Jon Weaver is back with another installment of Gossip From The GoodLife, this time round he's drumming up some pro-active get-up-and-go mentality to push snowboarding onwards.
Ask not what your country can do for you, but what you can do for your country.
- John F. Kennedy
Now think of this mantra applied to snowboarding?
Ask not what snowboarding can do for me, but what can I do for snowboarding.
After all, snowboarding is responsible for giving each of us reading this a shift in our life’s direction, whether that be a simple decision to spend a week in the snow each year, or if you have given everything up to do seasons, or further still if you are traipsing the world as a pro. Snowboarding has given us all an amazing passion and having such a thing is a hugely positive for your life. People who don’t have a passion for something can seem a little, well, empty.
So going back to my first point, I have heard so many riders say: “What deal can I get? What video will you put me in?" etc etc, from riders around the world and more often than not I just think, “Come on. Do something yourself," whether it be starting a movie project with your friends online, a blog about your travels, an event at your local slope or something to get new kids into riding.
The great thing about snowboarding is that we have a very creative platforms whereby the sport can progress. If you want to do an event, you can easily just start it up and maybe even get it into the TTR. The very best events have started small and grown huge – think about Air&Style. In 1994, founder Andrew Hourmont wanted to have a small event for friends and to grow snowboarding around Innsbruck, and before he knew it a few thousand had turned up to watch. Every year since it has progressed to the point we see now, with three of the biggest events ever going back to back this season. It's similar with the Wängl Tängl in Mayrhofen (easily the best independent event out there and started by the Ästhetikers) – this contest is a showcase of what creativity, snowboarding and progression are all about. Those two events are only there because of the amazing work from both crews.

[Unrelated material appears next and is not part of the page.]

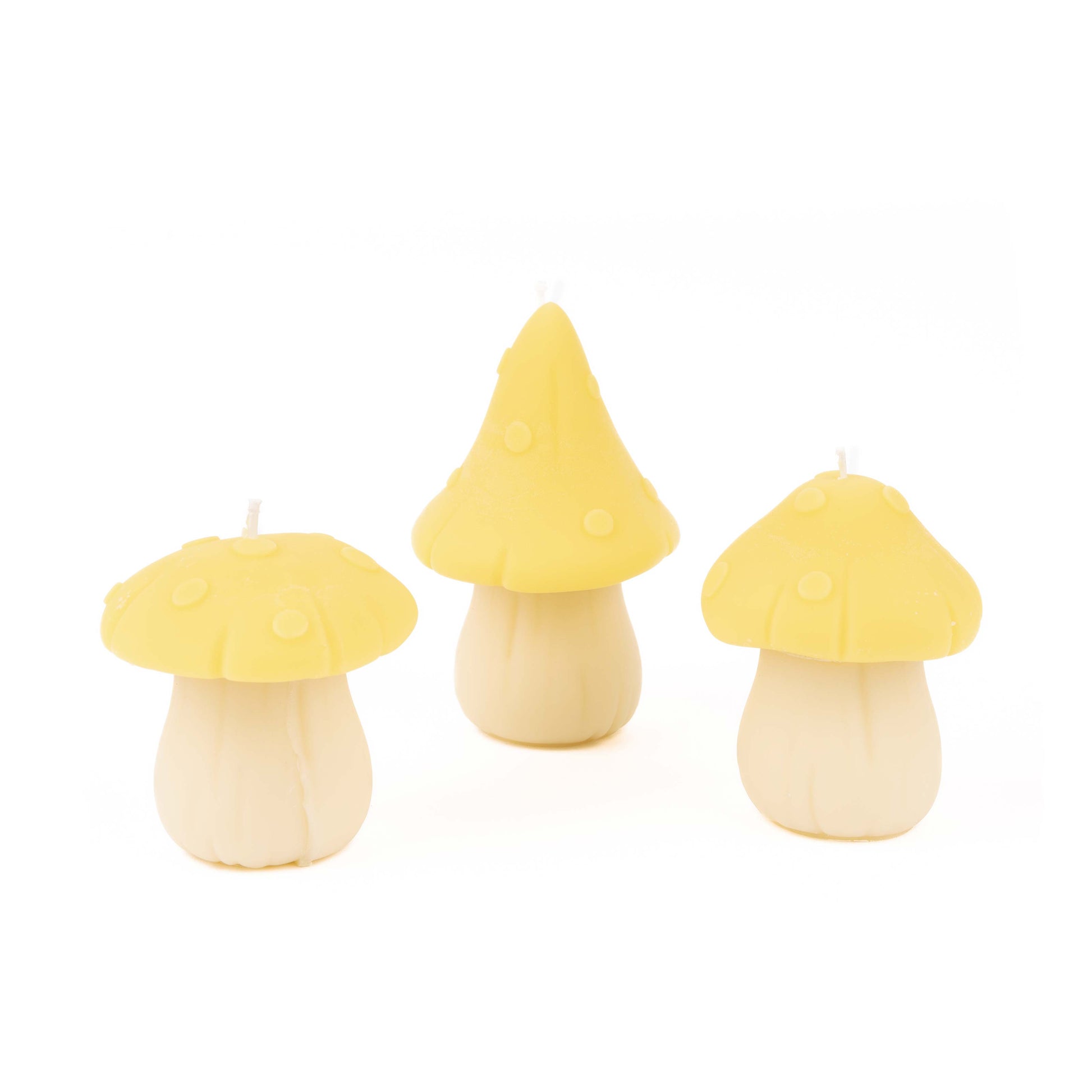 Illuminate your space with whimsical charm using our yellow mushroom soy wax pillar candle set of three. These handcrafted, pastel-hued mushroom-shaped candles create a cozy and enchanting ambiance. Made from eco-friendly soy wax, they offer a clean, long-lasting burn, making them perfect for any occasion.

It’s not just events, either. After making two of best snowboard films of all time with 91 Words for Snow, and In Short (and playing a huge part in the Robot Food Trilogy), we hear that David Benedek is months away from releasing a book on the world entitled Current State. I know, it wasn’t enough that this guy reinvented snowboarding a good few times over, produced some amazing movies, invented some new tricks (double corks in a quarter, switch back double 12 etc etc), he is now coming back with a book to adorn all of your coffee tables this winter. David is the perfect example of a rider not content to sit back and let things happen for him.
So what got me onto thinking about this whole thing? Well, a couple of weeks back we were doing our thing for Banterbox down in Schladming for the Pleasure Jam, and one night there was a premier of the new movie from Seppi Scholler, Loveolution 2, featuring Marc Swoboda, Dominik Wagner and the rest of the crew over there. Now the movie didn’t have the big budget of Travis Rice and That’s It That All, didn’t have helicopters, and I think the closest they came to rolling in Hummers and using sleds, is Swoboda’s Mercedes that has been around longer than Marc has. So what does it have? It has a tight crew of friends, travelling the world, doing it purely for the love of it, and just putting it out there for all the kids to watch for free and get stoked on their local heroes. Anyone who has seen Swoboda’s part will also know that his riding would stand up alongside any of the world’s best in any video.
Seppi Scholler knows where the love is at.
The Love movie will help build the scene in that part of Austria, and for that matter the whole of Austria, which is great, as we are still stuck under the rule of the FIS who don’t seem to understand the snowboarders amongst us. They are getting it, but it’s taking a while.
So next time your complaining or thinking why someone didn’t get a deal or someone isn’t filming with a crew, think to yourself, why don’t they just stand up and make a difference for themselves? Much the same as Seppi is right now: it helps build a scene, gets more kids into snowboarding, and supports what it’s all about. Start small and core, and grow from there.
I made a snowboard movie a few years back, called Hungerpain, (which I will make free for the world to watch soon enough, if anyone wants to see how British Snowboarding was looking a few years back) with a group of friends dedicated to making it happen. As I say it’s not groundbreaking, it didn’t smash any world records, and, damn, I must have lost about 6000 euros in the whole project… but would I change anything? No, I would do it all again, and probably spend even more on the premier parties. The thing it makes you realise that with a little get-up-and-go anything is possible in our industry. After all, how easy do you think it would be for me and you, and a bag full of cash, to say to FIFA: “Ok then, we have a new event which should rival the World Cup. We shall call it the ‘Onboard League of Nations’". See, no chance. Whereas we could easily set up any event we want and get it on TTR pretty quickly with the right backers…
So anyways, lesson for this week? Grab a camera, start a website, start a magazine, build a following where you live, encourage more people to get into it, and just go from there. You will never regret building something for yourself.